Tony Blair will today press President George Bush to back "as a matter of urgency" a ceasefire in Lebanon as part of a UN Security Council resolution next week, according to Downing Street sources.
At a White House meeting, the prime minister will express his concern that pro-western Arab governments are "getting squeezed" by the crisis and the longer it continues, the more squeezed they will be, giving militants a boost. The private view at No 10 is that the Bush administration is "prevaricating" over the resolution and allowing the conflict to run on too long.
But Mr Bush does not seem to be in any hurry to resolve the crisis and last night upped the ante by appearing to threaten Iran. "Hizbullah attacked Israel. I know Hizbullah is connected to Iran," Mr Bush said. "Now is the time for the world to confront this danger."
Mr Blair wants to demonstrate that he has influence in the White House and that Britain has a policy independent of the US. Polls this week indicated public disquiet over his closeness to Mr Bush and the failure to act more decisively to end the bloodshed.
The US and Britain have stood against most of the rest of the world in refusing to call for an immediate ceasefire. Mr Blair has held his position on that but he will press for the US to move faster by backing the resolution.
In the run-up to the Iraq war in 2003, Mr Blair pushed the US to support a UN security council resolution but in the end US support was half-hearted and the resolution failed to materialise. Since the present Middle East conflict began on July 12th, the US has prevented any resolution in the security council.

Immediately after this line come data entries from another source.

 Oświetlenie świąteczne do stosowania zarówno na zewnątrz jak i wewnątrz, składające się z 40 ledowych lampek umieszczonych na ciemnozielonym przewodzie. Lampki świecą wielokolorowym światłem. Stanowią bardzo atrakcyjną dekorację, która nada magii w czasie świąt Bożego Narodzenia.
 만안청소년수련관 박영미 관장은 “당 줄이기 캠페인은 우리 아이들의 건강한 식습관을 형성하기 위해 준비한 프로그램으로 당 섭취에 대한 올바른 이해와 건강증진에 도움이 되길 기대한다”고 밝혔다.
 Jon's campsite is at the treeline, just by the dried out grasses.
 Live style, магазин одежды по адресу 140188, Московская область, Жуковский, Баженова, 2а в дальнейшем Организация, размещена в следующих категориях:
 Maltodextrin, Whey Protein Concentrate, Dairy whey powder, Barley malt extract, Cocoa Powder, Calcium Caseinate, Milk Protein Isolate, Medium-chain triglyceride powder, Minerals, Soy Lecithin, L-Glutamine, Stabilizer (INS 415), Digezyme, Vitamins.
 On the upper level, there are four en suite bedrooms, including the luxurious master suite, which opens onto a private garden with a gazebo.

With an eye on the Arab world, Mr Blair wants to ensure that Hizbullah and like-minded militant groups such as Hamas in Palestine do not emerge stronger from the crisis. He will reiterate to Mr Bush that the key to resolving the violence is a resolution of the Palestinian issue.

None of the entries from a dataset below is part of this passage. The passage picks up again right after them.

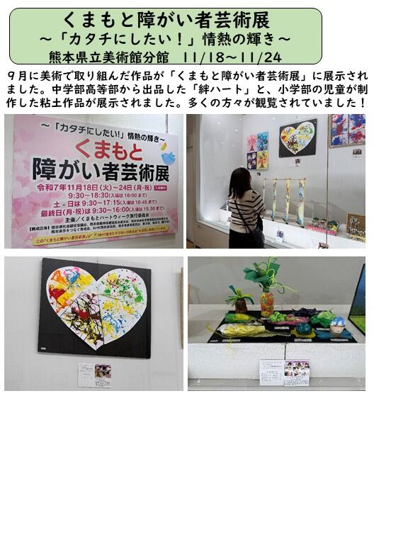 今年度の「にこにこふれあい発表会」は、例年のようなステージ発表ではなく、各学部の活動の映像をDVDにまとめて配付することとなりました。“あしえんから元気を”の全体テーマのもと、高等部では〈元気アート2020〉というテーマで、1学期に取り組んだ園芸と紙漉きを結び付けて、作品作りに取り組みました。牛乳パックから取り出したパルプと1学期に植えた野菜の葉や皮、花を混ぜて漉き液を作り、枠に流し込んで紙を漉いていきました。途中、高等部佐敷分教室の農園芸班のみなさんと映像でのやりとりを行い、野菜の葉や花等、混ぜる素材を提供してもらいました。そして、漉き上がった様々な模様の紙を素材として作品作りを進めました。紙や作品は、学校全体の取組として毎年実施している「アートトレイン」(肥薩おれんじ鉄道様の御協力で、列車内に児童生徒の平面作品を一定期間掲示してもらう取組)に出品したり、今年度直接の交流及び共同学習ができなかった芦北高校農業科のみなさんへのメッセージに利用したり、高等部佐敷分教室のみなさんへの素材提供のお礼のメッセージに利用したりしました。さらに、復旧が終わった後の高等部棟に飾るためのアート作品作りにも取り組み、たくさんの作品が出来上がりました。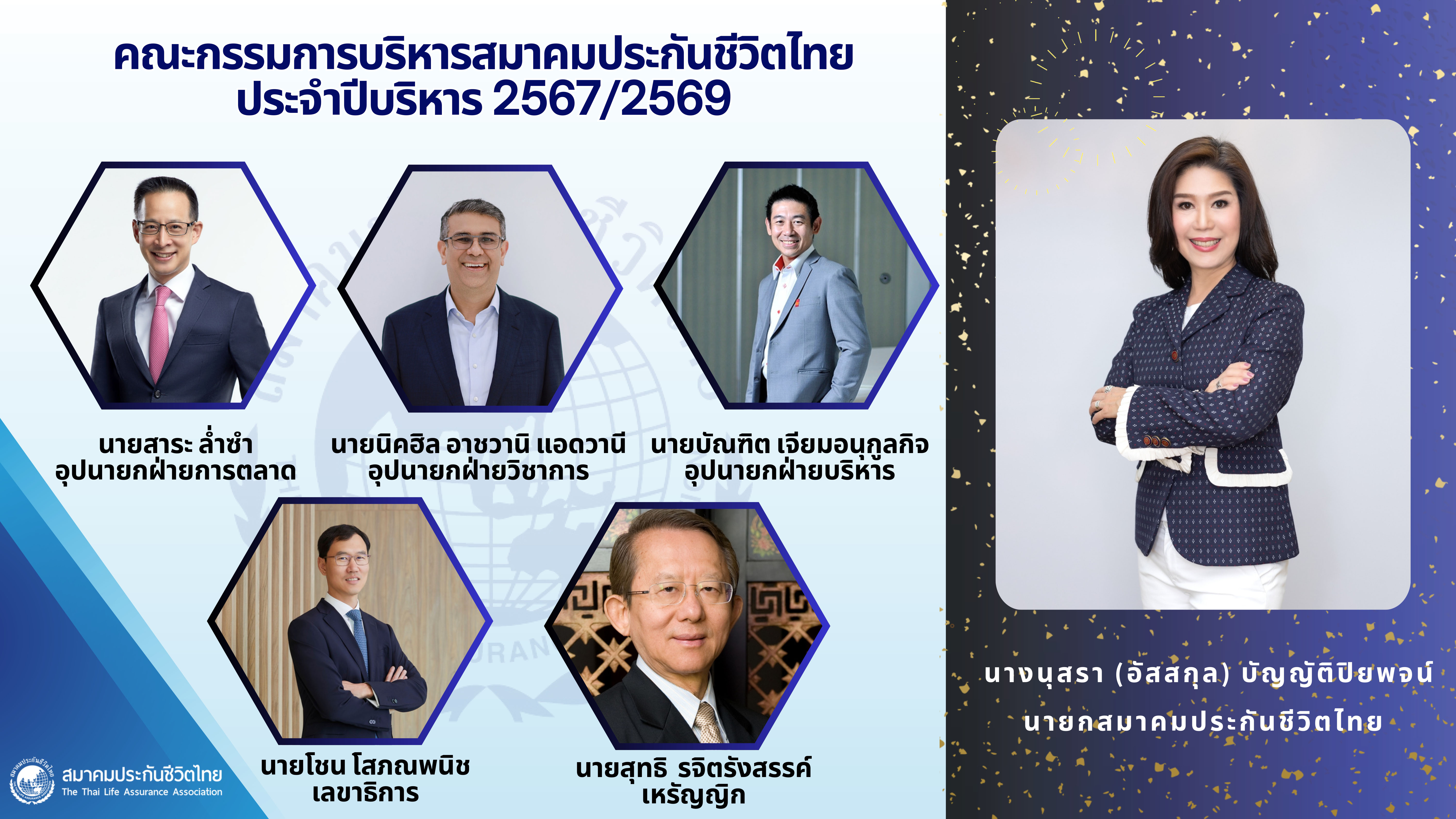 สมาคมประกันชีวิตไทย จัดการประชุมใหญ่สามัญประจำปี 2567 เมื่อวันที่ 31 กรกฎาคม 2567 โดยมีวาระสำคัญคือการพิจารณาเลือกตั้งนายกสมาคมประกันชีวิตไทยและคณะกรรมการบริหารสมาคมชุดใหม่ ประจำปีบริหาร 2567 – 2569 (1 กรกฎาคม 2567 – 30 มิถุนายน 2569) ซึ่งในที่ประชุมได้มีการลงมติอย่างเป็นเอกฉันท์เลือก นางนุสรา (อัสสกุล) บัญญัติปิยพจน์ ให้ดำรงตำแหน่ง นายกสมาคมประกันชีวิตไทย สำหรับรายนามกรรมการบริหารสมาคมประกันชีวิตไทย ประจำปีบริหาร 2567 - 2569 มีดังต่อไปนี้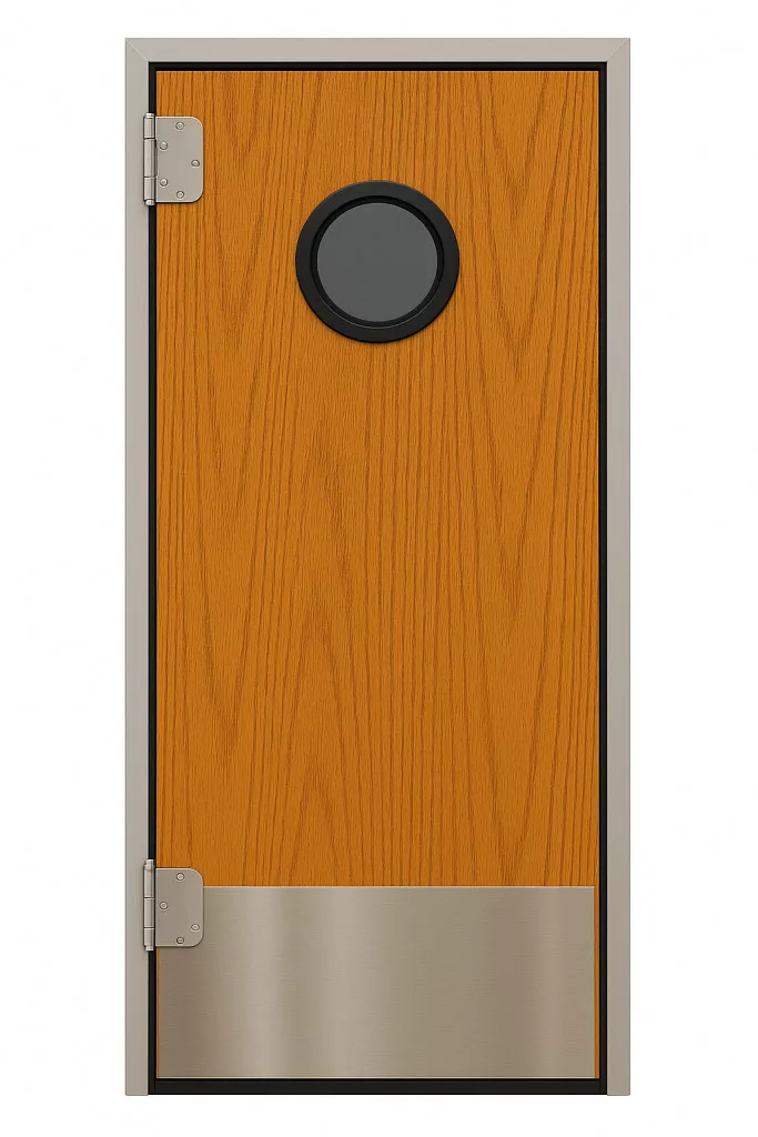 Az alap felszereltség mellett, lehetőség van az ajtólap rugdosó lemezzel való bővítésére, mely megóvja az ajtót az áthaladáskor bekövetkezhető sérülésektől, így akár lábbal vagy tároló kocsik áttolásával is lehetséges a nyítás. Rugdosólemezeink szálcsiszolt rozsdamentes lemezből készülnek.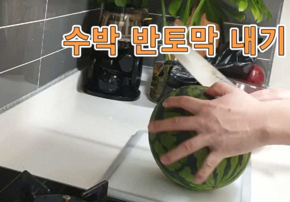 첫 번째로 수박과 접시, 사시미는 아닙니다. 일반 주방용 칼 준비해 주십시오.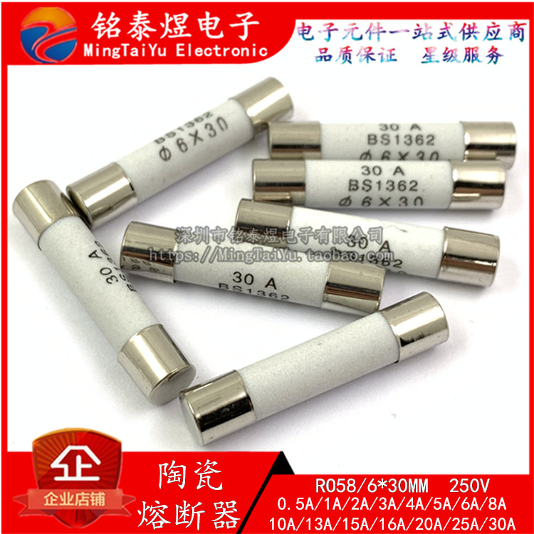 R058 ceramic fuse tube BS1362 6 * 30mm fuse 1A2A5A-20A25A30A R058

No 10 dismissed the dispute over US military flights using Prestwick airport in Scotland to transport weapons to Israel without telling Britain as an issue of process, not principle, which will not overshadow the talks.
France, which holds the presidency of the security council, has drafted the outline of a UN resolution which it wants to push to a vote early next week. Philippe Douste-Blazy, the French foreign minister, said: "If we don't stop things now, an absolutely hellish spiral will be unleashed. It would not just be between Israel and Hizbullah but also increasingly between Israel and Arab countries, and increasingly between the West and the Muslim world." - (Guardian service)

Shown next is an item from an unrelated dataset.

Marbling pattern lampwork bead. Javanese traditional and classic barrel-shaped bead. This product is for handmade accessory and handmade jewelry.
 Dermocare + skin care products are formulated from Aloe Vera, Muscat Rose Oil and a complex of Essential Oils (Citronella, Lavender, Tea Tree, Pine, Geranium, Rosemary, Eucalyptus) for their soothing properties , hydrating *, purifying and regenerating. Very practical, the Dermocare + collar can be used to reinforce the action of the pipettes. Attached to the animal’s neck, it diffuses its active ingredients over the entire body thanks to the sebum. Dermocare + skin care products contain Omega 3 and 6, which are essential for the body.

• The Government has said no freight aircraft carrying US munitions have landed at any Irish airport in the last month, writes Mark Hennessy, Political Correspondent, following the disclosure that arms were secretly shipped through a Scottish airport.
But more than 250 passenger aircraft carrying US troops to and from Iraq, along with their personal weapons, have been given permission to use Shannon over the same period, the Department of Transport said last night.
Under Irish law, foreign authorities are required to notify the department if they are carrying munitions on civilian aircraft into Irish airspace, while the Department of Foreign Affairs must be told if a foreign country is using an official aircraft to carry supplies.
A cargo aircraft landed in Shannon in February carrying three Boeing Apache helicopters.
Initially, both the Department of Transport and the Department of Foreign Affairs denied any knowledge of the flight, but they later accepted that the aircraft had used the airport.
Fianna Fáil TD Michael Woods later told the Oireachtas Committee on Foreign Affairs that the aircraft had originally intended to land in Iceland, but plans were changed at the last minute because of a technical fault.